Но постоянно находились какие-то ревнители расы или мстители за родительские обиды из параллельных и старших классов, которые, обеспечив себе превалирующее большинство, в туалете на перемене или во дворе, после школы, объясняли, кто я такой. То есть я отчетливо понимал, что бьют меня не просто так, мне всегда давали понять, что бьют меня за то, что еврей. Что означало только одно: меня считают посторонним, не вполне кондиционным, потому что мои папа и мама – евреи, и это постыдно.
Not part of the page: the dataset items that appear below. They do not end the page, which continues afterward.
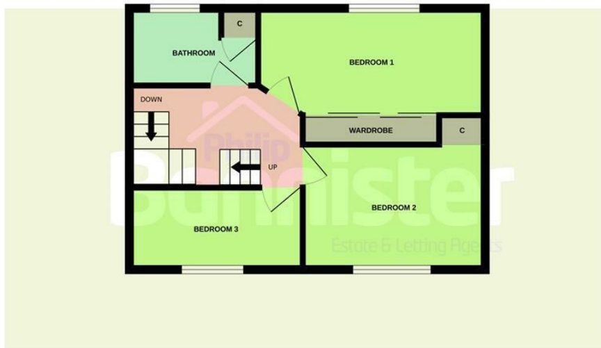
1ST FLOOR 409 sq.ft. (38.0 sq.m.) approx.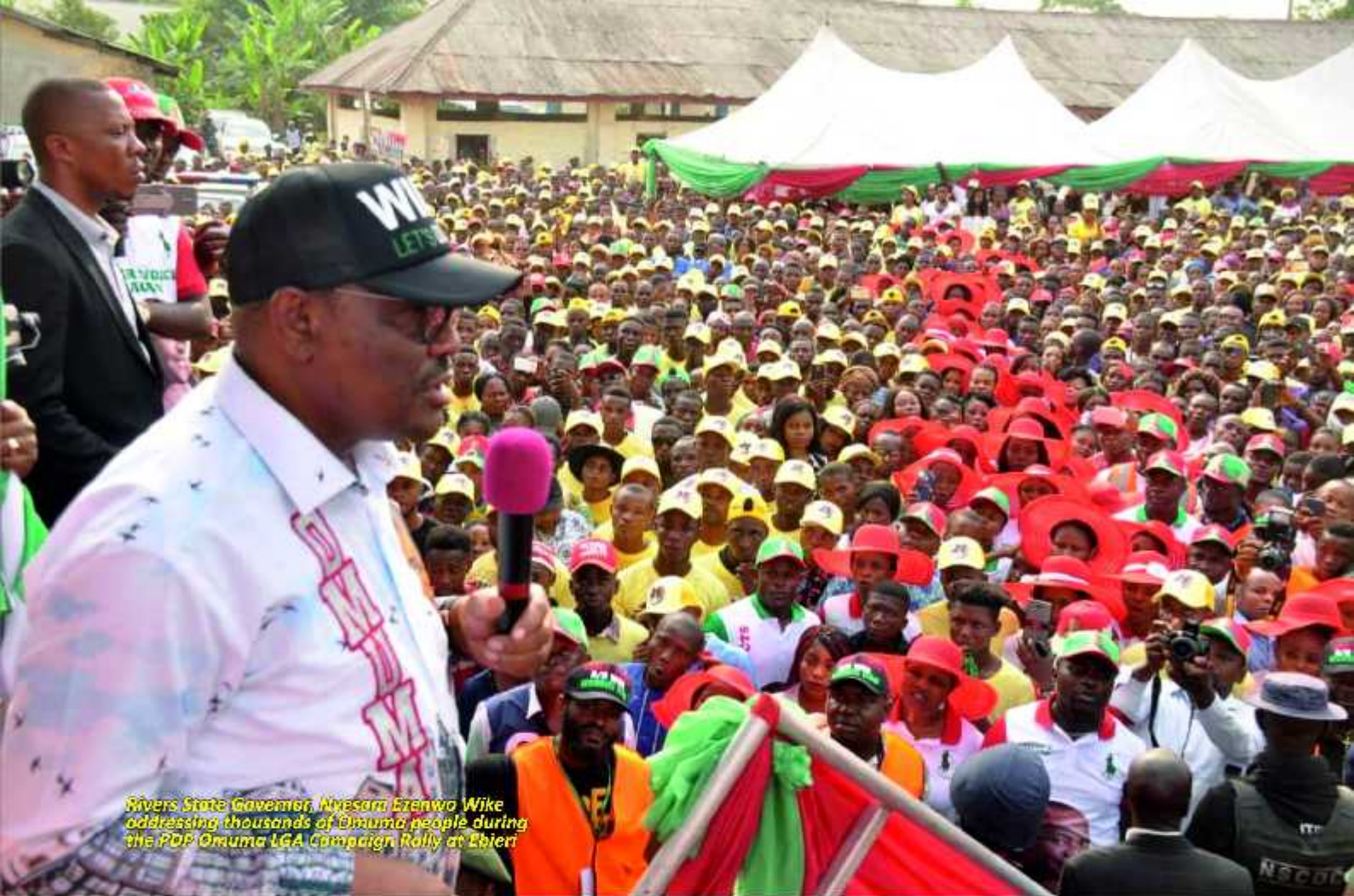
Rivers State Governor, Nyesom Ezenwo Wike addressing thousands of Omuma people during the PDP Omuma LGA Campaign Rally at Eberri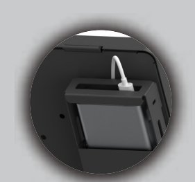
Port Accessibility for Buttons and Cables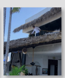
Palapas were treated with fire retardant.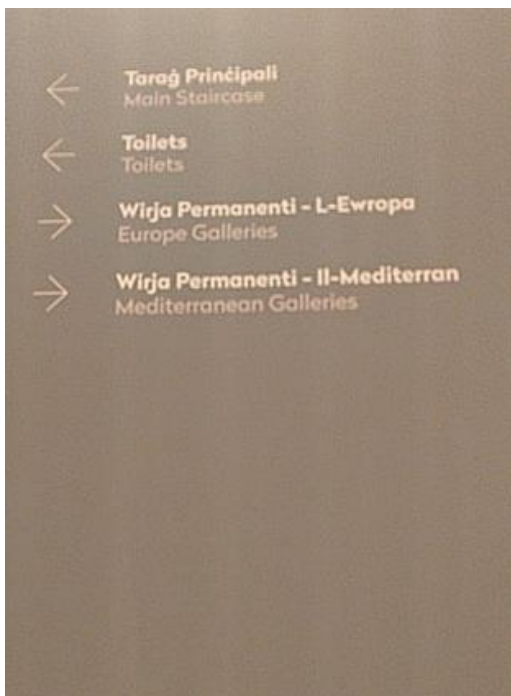
Figure 19: Sign panel found in First floor galleries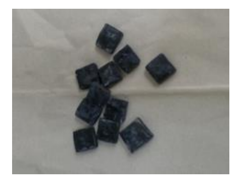
Fig. 1 Study specimens

After specimen preparation and finishing, they were dry air-cleaned and submerged in 5 ml distilled water, Fig. 2. Each specimen was transferred into a new vial of 5 ml distilled water every 24 hours for 4 days. The extracted solutions were analyzed by Visible Light Spectroscopy, Fig. 3. The wavelength was set to 500 nm and the absorbance values were recorded for each solution.

По этой же причине я не обсуждал своих проблем с родителями, мне было неловко: неловко за себя, неловко за них. Так как, повторю, не язык, культура или религия делали меня чужим, мне пришлось осознать, что меня считают позорно иным, только потому, что я – слабый, и вообще евреи - слабые. Мол, потому они, еврейчики, и развивают свой ум, что иначе никак не могут компенсировать свою слабость, которая в том грубом мире, в котором проходила мое детство в конце 50-х годов на Малой Охте, считалась главным пороком.

Увы, я должен был согласиться, определенная правота здесь присутствовала. Я действительно (по крайней мере, до девятого класса) был слабее своих сверстников, мои интеллигентные родители, их знакомые из нашего дома, дома институтского, построенного научно-исследовательским институтом, в котором работал мой отец, были менее грубые, чем почти все остальное окружение. И это было так очевидно, что не требовало других доказательств. Да, грубость – это очень наивная манифестация силы, причем силы именно физической, я это понимал и в детстве. Но я не видел никаких других отличий между собой и своей семьей и всеми остальными, кто жил рядом со мной на Новочеркасском проспекте между Большеохтинским мостом и новым, тогда еще только строящимся мостом Александра Невского.

Ну, то есть были какие-то отличия, но вполне несущественные. У нас не было телевизора. Не потому, что не хватало на него денег, а потому что моя мама боялась, что телевизор отвлечет меня от чтения.